### What you are asked to do
Copy out exactly the lines spanning the line with "Santa's Pipe is" to the line with "برای فراهم آوردن", inclusive, from the data underneath, with no pictures.

### Source records
=== Section Start ===

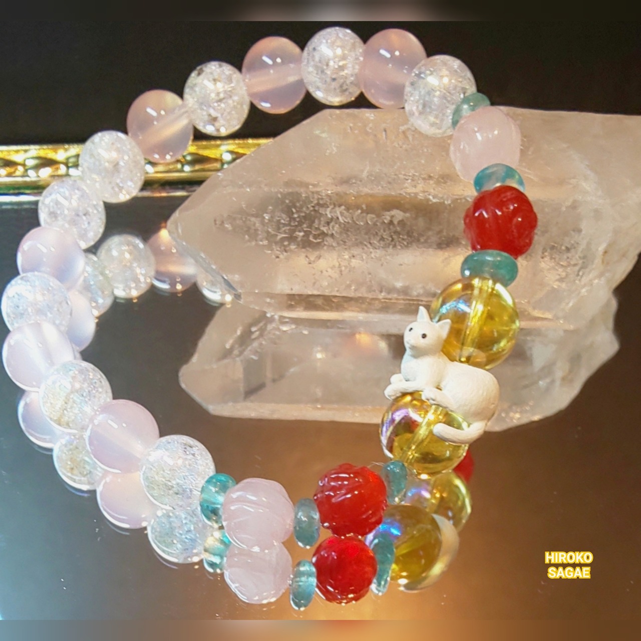 愛猫・猫ブレスレット・パワーストーン猫・猫アクセサリー・猫グッズ・花畑の猫・虹の橋・金運・絆を強くする・縁結び・恋愛運・目標達成・対人関係・ポジティブ・魔除・厄除け・オーラの保護・夢の実現・スピリチュアル・ヒーリング・教室サロン・寒河江博子・HirokoSAGAE・浪漫工房RoseEgg・RoseEgg
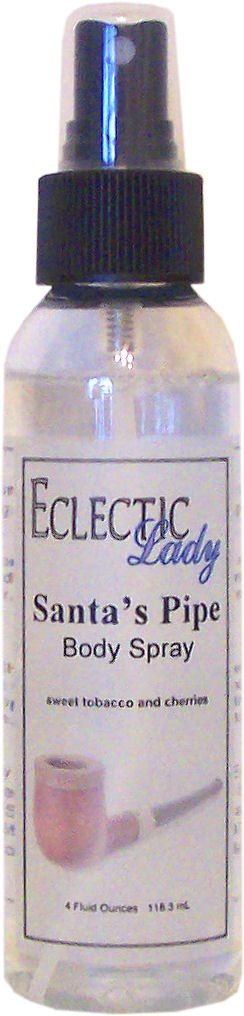 Santa's Pipe is a warm combination of cherrywood, raspberry, vanilla, and tobacco. This fragrance is phthalate free. PARABEN-FREE - We take pride in selecting our ingredients, which is why our body spray is free from parabens. HANDCRAFTED - Each bottle of our body spray is handcrafted in the USA, ensuring the highest quality and attention to detail. ORIGINAL STRENGTH FRAGRANCE - Our classic body spray formula for a softer fragrance.DOUBLE STRENGTH FRAGRANCE - Our Double Strength formula contains double the fragrance of our original body sprays for people who prefer a stronger and more long-lasting scent. HYDRATING MIST - Made with vegetable glycerin, a humectant, our body sprays help attract moisture to your skin keeping it hydrated and refreshed.
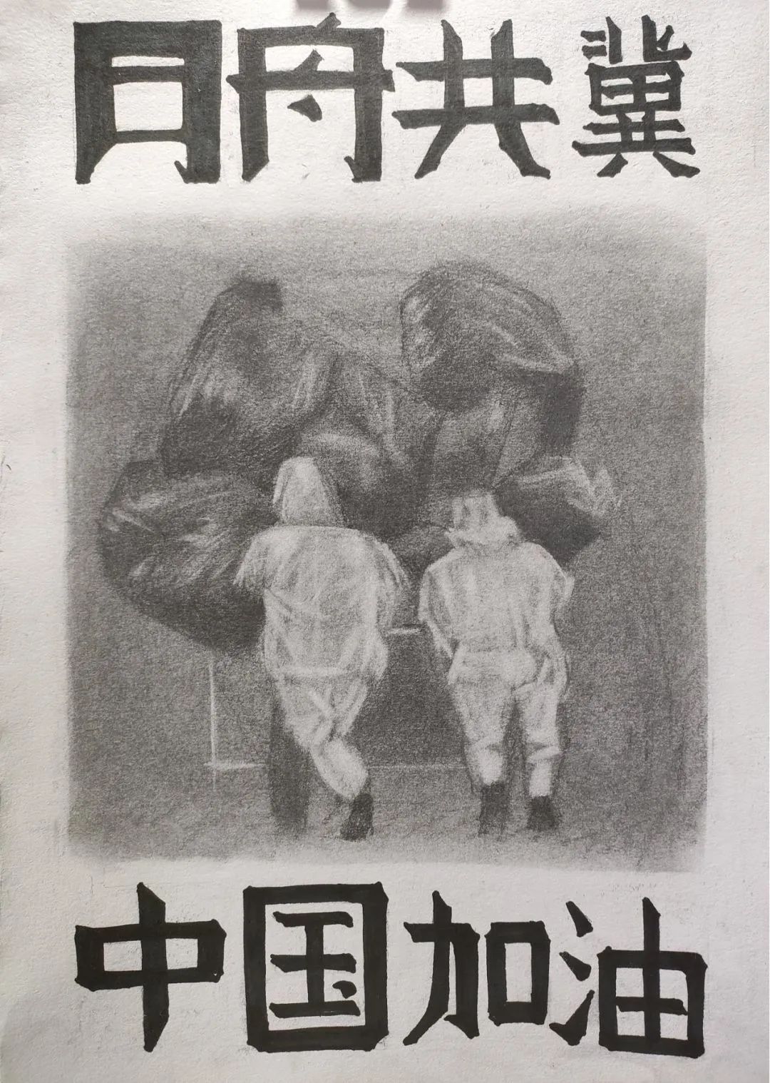 本期作品出自美术学院石家庄籍学子之手,他们作为本次疫情的亲历者,更加真切地感受到了逆行英雄的伟大,志愿者的不易和来自于国家、社会、学校等各个层面的关心。因此,每幅作品都笔触真挚、饱含深情。下面我们一起来欣赏吧!
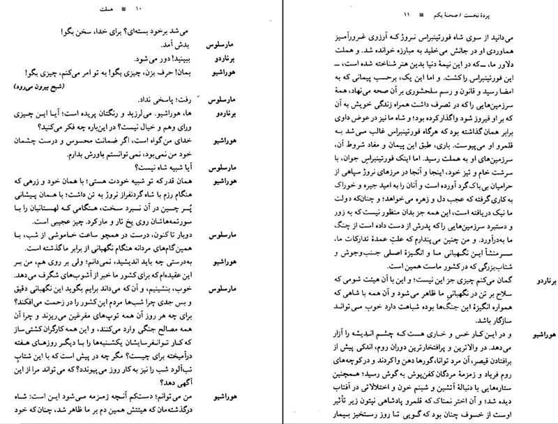 برای فراهم آوردن متن حاضر من یک بار ترجمه ای را که اینو بونفوا از هملت به زبان فرانسه پرداخته است به فارسی درآوردم. سپس همان را راهنمای خود کرده، از روی متن انگلیسی نمایشنامه که ضمن کلیات آثار شکسپیر چاپ دانشگاه آکسفورد آمده است ترجمه دیگری هرچه دقیق تر و کامل تر ترتیب دادم. متن دومی که بدین سان به دست آمده گرچه تا سرحد امکان دقیق و درست بود اما هنوز کلام آن نیاز به آرایش و پیرایش کلی داشت. از این رو برای سومین بار در تنقیح متن کوشیدم و آن را کم و بیش به صورتی که درخور عرضه داشت به پیشگاه مردم نکته سنج باشد درآوردم.
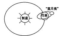 4、单选题 右图中的“蓝月亮”为科学家用计算机模拟出的银河系中一个可能孕育生命的外星天体,据推测它本身不发光,但该天体上光照良好。据此回答下题。

=== Section End ===

### Reply to the task
 Santa's Pipe is a warm combination of cherrywood, raspberry, vanilla, and tobacco. This fragrance is phthalate free. PARABEN-FREE - We take pride in selecting our ingredients, which is why our body spray is free from parabens. HANDCRAFTED - Each bottle of our body spray is handcrafted in the USA, ensuring the highest quality and attention to detail. ORIGINAL STRENGTH FRAGRANCE - Our classic body spray formula for a softer fragrance.DOUBLE STRENGTH FRAGRANCE - Our Double Strength formula contains double the fragrance of our original body sprays for people who prefer a stronger and more long-lasting scent. HYDRATING MIST - Made with vegetable glycerin, a humectant, our body sprays help attract moisture to your skin keeping it hydrated and refreshed.
 本期作品出自美术学院石家庄籍学子之手,他们作为本次疫情的亲历者,更加真切地感受到了逆行英雄的伟大,志愿者的不易和来自于国家、社会、学校等各个层面的关心。因此,每幅作品都笔触真挚、饱含深情。下面我们一起来欣赏吧!
 برای فراهم آوردن متن حاضر من یک بار ترجمه ای را که اینو بونفوا از هملت به زبان فرانسه پرداخته است به فارسی درآوردم. سپس همان را راهنمای خود کرده، از روی متن انگلیسی نمایشنامه که ضمن کلیات آثار شکسپیر چاپ دانشگاه آکسفورد آمده است ترجمه دیگری هرچه دقیق تر و کامل تر ترتیب دادم. متن دومی که بدین سان به دست آمده گرچه تا سرحد امکان دقیق و درست بود اما هنوز کلام آن نیاز به آرایش و پیرایش کلی داشت. از این رو برای سومین بار در تنقیح متن کوشیدم و آن را کم و بیش به صورتی که درخور عرضه داشت به پیشگاه مردم نکته سنج باشد درآوردم.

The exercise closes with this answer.